From hallucinations to equipment: lessons from a real computer vision project went to the side



Computer Vision projects rarely go exactly as planned, and this was no exception. The idea was easy: build a model that might look at a photo of the laptop and discover all physical damage – things like cracked screens, missing keys or broken hinges. It seemed that this is a easy case of using models of paintings and large languages ​​(LLM), but it quickly turned into something more complicated.

Along the way, we encountered problems with hallucinations, unreliable outputs and images that weren’t even laptops.
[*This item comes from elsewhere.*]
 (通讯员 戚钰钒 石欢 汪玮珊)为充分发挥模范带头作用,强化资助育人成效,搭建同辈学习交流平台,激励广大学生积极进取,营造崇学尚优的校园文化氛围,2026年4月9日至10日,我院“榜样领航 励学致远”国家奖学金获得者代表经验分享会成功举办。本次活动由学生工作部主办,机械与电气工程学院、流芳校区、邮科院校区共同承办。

To solve them, we finally used the agency frames in an unusual way – not for automating tasks, but to improve the performance of the model.

- Advertisement -

In this post we’ll go through what we tried, which didn’t work, and how the combination of approaches finally helped us build something reliable.
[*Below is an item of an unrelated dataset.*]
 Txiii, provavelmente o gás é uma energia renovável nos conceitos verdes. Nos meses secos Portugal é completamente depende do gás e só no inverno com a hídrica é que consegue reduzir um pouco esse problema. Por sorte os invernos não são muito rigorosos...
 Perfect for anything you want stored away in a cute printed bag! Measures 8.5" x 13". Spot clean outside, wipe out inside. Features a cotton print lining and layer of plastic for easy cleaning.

Where we began: monolithic hint

Our initial approach was quite standard for the multimodal model. We used a single, large hint to forward the image to LLM available by the image and asked it to discover visible damage. This monolithic hint strategy is easy to implement and works decently to clean, well -defined tasks. But real data rarely recreate.
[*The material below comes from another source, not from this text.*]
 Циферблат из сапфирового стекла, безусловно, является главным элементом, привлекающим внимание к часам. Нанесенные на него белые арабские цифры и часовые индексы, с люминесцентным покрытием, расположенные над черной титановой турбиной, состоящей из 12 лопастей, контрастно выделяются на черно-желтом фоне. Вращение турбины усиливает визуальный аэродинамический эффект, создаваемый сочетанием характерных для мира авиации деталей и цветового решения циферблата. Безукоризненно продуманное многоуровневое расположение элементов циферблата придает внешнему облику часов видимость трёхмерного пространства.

Earlier we encountered three predominant problems:

  • Hallucinations: The model sometimes got here up with damage that didn’t exist or didn’t take into account what he saw.
  • Detection of garbage image: He didn’t have a reliable way of marking images that weren’t even laptops, resembling photos of offices, partitions or people from time to time, slipped and received senseless damage reports.
  • Inconsistent accuracy: The combination of those problems meant that the model was too unbelievable for operational use.

It was a point where it became clear that we’d have toil it.

First amendment: Mixing images

One of the things we noticed was how much image quality affected the model. Users sent all types of images, from acute and high resolution to blur. This led us to reference tests Emphasizing how the image resolution affects deep learning models.

We trained and tested the model with a mixture of high and low resolution images. The idea was to make the model more resistant to the wide selection of image features that it might encounter in practice. This helped improve consistency, but the basic problems with hallucinations and garbage service remained.

Multimodal detour: LLM only text

Encouraged by recent experiments in combining image signatures with LLM only text-like the technique discussed, in which the signatures are generated from the images, and then interpreted by the language model, we decided to try.

Here’s how it really works:

  • LLM begins with generating many possible signatures for the image.
  • Another model, called the multimodal embedding model, checks how well every signature matches the image. In this case, we used Siglip to obtain a similarity between the image and the text.
  • The system maintains some of the most significant signatures based on these results.
  • LLM uses these most significant signatures to write latest ones, trying to get closer to what the image actually shows.
  • He repeats this process so long as the signatures stop improving or reaches the set limit.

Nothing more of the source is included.